He allowed us graciously and we stepped in. There was an ablution pond in the middle with a rectangular canopy which was evidently added later. There used to be a fountain in the middle which has been removed now.

We stepped inside the prayer chambers. The arches and the roof were heavily decorated with colorful floral frescos and calligraphy.

There were three domes and the central one was heavily decorated with floral patterns and God’s attributes painted in a circular manner.

On the either side of the chamber were staircases which led to the roof. We took the one on the left which was in better condition. The view from the rooftop was breathtaking.

On one end we could get the view of ablution pond along with the surrounding bazaar and houses which seem to have encroached upon its compound; the compound itself being few meters below the adjacent road level already.

The mosque was desecrated in Ranjit Singh’s era when it was used as gunpowder factory. Its status was restored in 1850 but mosque is still known as Barudkhana Wali Masjid.

Wazir Khan Mosque

Finding Wazir Khan Mosque was relatively easier but the roads leading to the Delhi Gate were among the busiest in Lahore.

There were shops on both sides of the road and encroachments left only a little space for vehicles to maneuver. I left my car way before Delhi Gate and walked towards the mosque.

It had been raining in Lahore and the weather was getting chilly with the sun setting in the west. I tried making room through a sea of people, motorbikes and rickshaws.

The sunlight had left crimson lining on the scattered clouds and the shops inside Kashmiri Bazar had lit the bulbs by then. I reached the mosque little before the maghrib prayers.

Wazir Khan Mosque was constructed during 1634-1641. Known as a testimony of Mughal affinity to finesse in frescos and architecture, it still remains one of the most important landmarks in the city.

Constructed in the heart of city, it was named after Hakim Shaikh Ilm-ud-din Ansari, the court physician and trusted aide of Shah Jahan.

He later was entrusted with Governorship of Lahore and was given the title of Wazir Khan by Shah Jehan. He constructed many serais, baths, mosques and other memorials but Masjid Wazir Khan remained emblem of his reign over Lahore.

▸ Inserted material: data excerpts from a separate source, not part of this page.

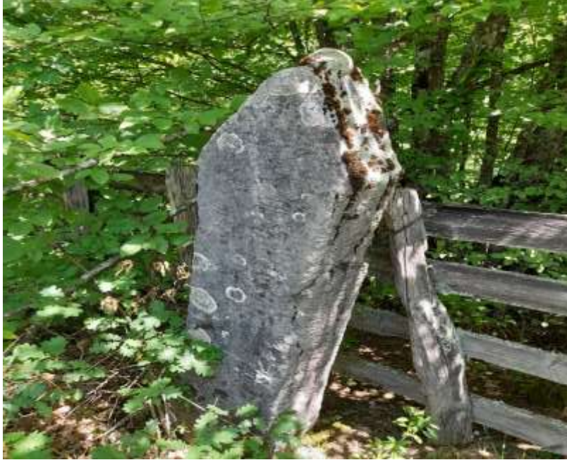
Slika 56. Uznožni nišan s lokaliteta Ropovice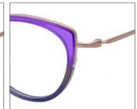
No.4 F:ゴールド×パープル/ グレーグラデ T:ゴールド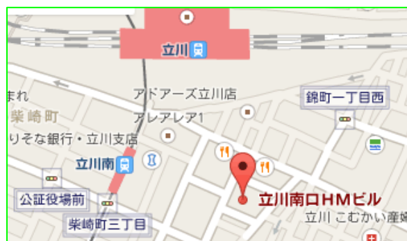
立川駅南口より徒歩2分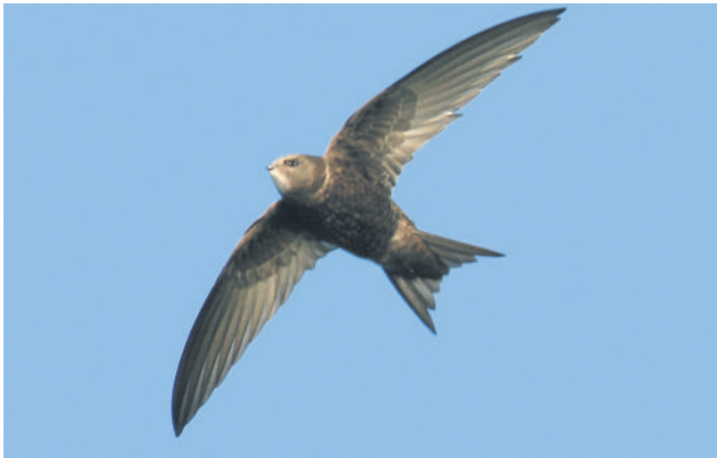
Mauersegler gehören zu den geschützten Tierarten, auch ihre Nester sind geschützt.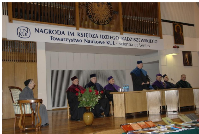
Uroczystość wręczenia dorocznej Nagrody im. Księdza Idziego Radziszewskiego „za wybitne osiągnięcia naukowe w duchu humanizmu chrześcijańskiego”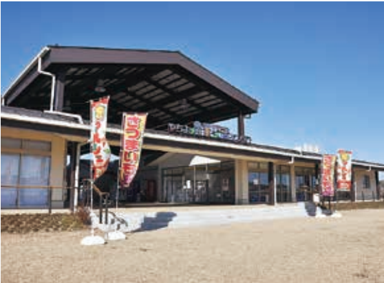
▲25年4月にオープンしたやちよ農業交流センター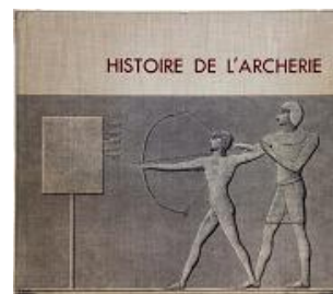
Histoire de l'Archerie Robert Roth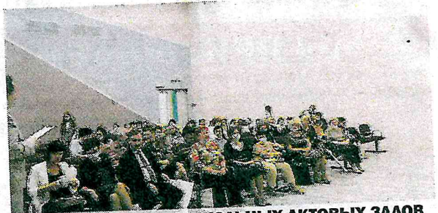
9 ШКОЛЬНЫХ АКТОВЫХ ЗАЛОВ ОТРЕМОНТИРОВАНЫ

Я всегда буду помогать тем людям, для которых нет чужих бед.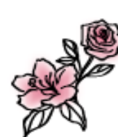
ハイビスカスローズ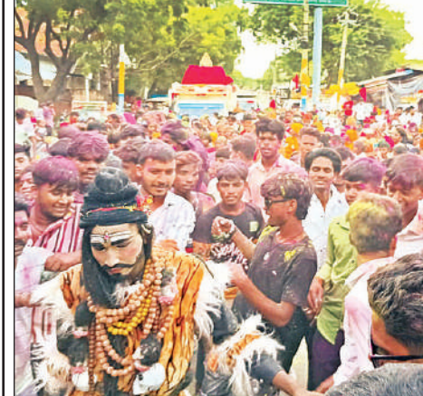
दुर्गा प्रतिमा के विसर्जन के लिए जाते श्रद्धालु।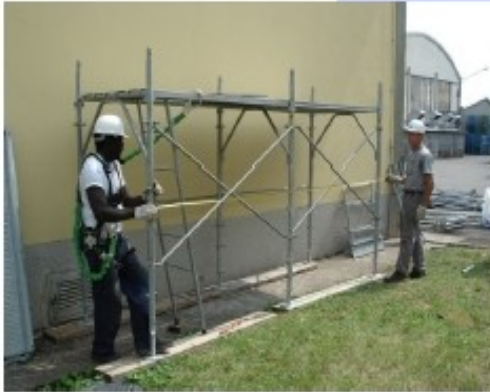
9) Allineare i telai e fissare le basette alle tavole in legno sottostanti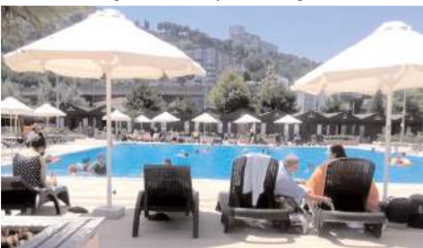
Dernek üyeleri Samsun'da güzel bir gün geçirdiler.

The mosque was used by the emperor and the plenipotentiary, long before Badshahi Mosque was built much closer to the Lahore fort.

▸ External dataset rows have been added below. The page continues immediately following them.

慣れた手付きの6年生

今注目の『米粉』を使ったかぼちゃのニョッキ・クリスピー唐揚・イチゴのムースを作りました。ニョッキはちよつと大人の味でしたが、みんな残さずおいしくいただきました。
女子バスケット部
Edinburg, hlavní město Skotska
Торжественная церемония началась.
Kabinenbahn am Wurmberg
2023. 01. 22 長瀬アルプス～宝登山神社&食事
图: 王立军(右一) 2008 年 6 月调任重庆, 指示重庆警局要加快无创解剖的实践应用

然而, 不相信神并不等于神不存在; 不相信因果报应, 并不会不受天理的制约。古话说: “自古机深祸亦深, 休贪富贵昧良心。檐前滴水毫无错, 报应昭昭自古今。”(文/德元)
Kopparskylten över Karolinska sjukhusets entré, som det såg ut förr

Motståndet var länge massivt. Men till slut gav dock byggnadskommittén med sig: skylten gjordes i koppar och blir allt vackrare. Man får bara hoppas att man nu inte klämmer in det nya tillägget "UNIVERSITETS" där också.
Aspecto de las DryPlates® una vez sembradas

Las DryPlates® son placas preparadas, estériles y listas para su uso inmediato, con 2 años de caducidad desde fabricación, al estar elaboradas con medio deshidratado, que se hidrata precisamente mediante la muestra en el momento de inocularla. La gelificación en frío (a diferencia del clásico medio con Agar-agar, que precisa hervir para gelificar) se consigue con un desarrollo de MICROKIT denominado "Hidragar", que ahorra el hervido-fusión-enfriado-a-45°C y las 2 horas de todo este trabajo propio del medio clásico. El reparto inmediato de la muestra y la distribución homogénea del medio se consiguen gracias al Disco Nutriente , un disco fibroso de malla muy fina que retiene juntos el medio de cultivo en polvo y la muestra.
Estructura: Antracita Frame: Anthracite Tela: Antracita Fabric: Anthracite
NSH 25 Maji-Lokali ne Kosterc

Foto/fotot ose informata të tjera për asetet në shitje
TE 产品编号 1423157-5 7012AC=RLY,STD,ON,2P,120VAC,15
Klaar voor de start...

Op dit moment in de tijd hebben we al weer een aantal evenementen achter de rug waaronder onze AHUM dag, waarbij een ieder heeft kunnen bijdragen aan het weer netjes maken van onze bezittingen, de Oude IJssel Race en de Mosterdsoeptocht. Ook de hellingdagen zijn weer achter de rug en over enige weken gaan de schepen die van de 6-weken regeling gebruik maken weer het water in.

I entered the mosque from the main gate and handed over my shoes to the caretaker. I stepped in the main courtyard and performed wazoo at the central ablution pond.

A little further to the pond is the tomb of Syed Muhammed Ishaq (popularly known as Miran Badshah), a saint who had migrated to Lahore in the 13th century to preach Islam. His tomb predates the mosque and was reconstructed to go with the mosque’s exterior.

To the left and right were stretched galleries which probably serve as housing for the staff of the mosque.

I entered the prayer chambers and climbed to the top of one of four minarets which were a distinguishing feature of the mosque at the time of its construction.

The view from the top was breathtaking looking into Kashmiri Bazar and beyond. I sat there in silence listening to moazan’s call for prayers.

The bazar was bustling with various activities and the movement of people and vehicles left a trail of motion on the sensor of my camera. I could see tiny people making their way to the chambers. I climbed down making a brief pause on the roof above the prayer chambers. A loud speaker had been installed there.

I climbed down and offered prayers with the jamat. Some people stayed back after the prayers and did not mind a photographer amidst them. The chambers roof is impeccably decorated with inscriptions and frescos which are a visual treat for photographers and history enthusiasts.

It was cold and dark by the time I stepped out. Few remaining people were making their way to the outer gate. I took my shoes back from the caretaker and asked him what was there at the top of entrance gallery.

He told me that there were four rooms which were used for various purposes. He noticed the curiosity rising in my eyes but told me to come back later some time.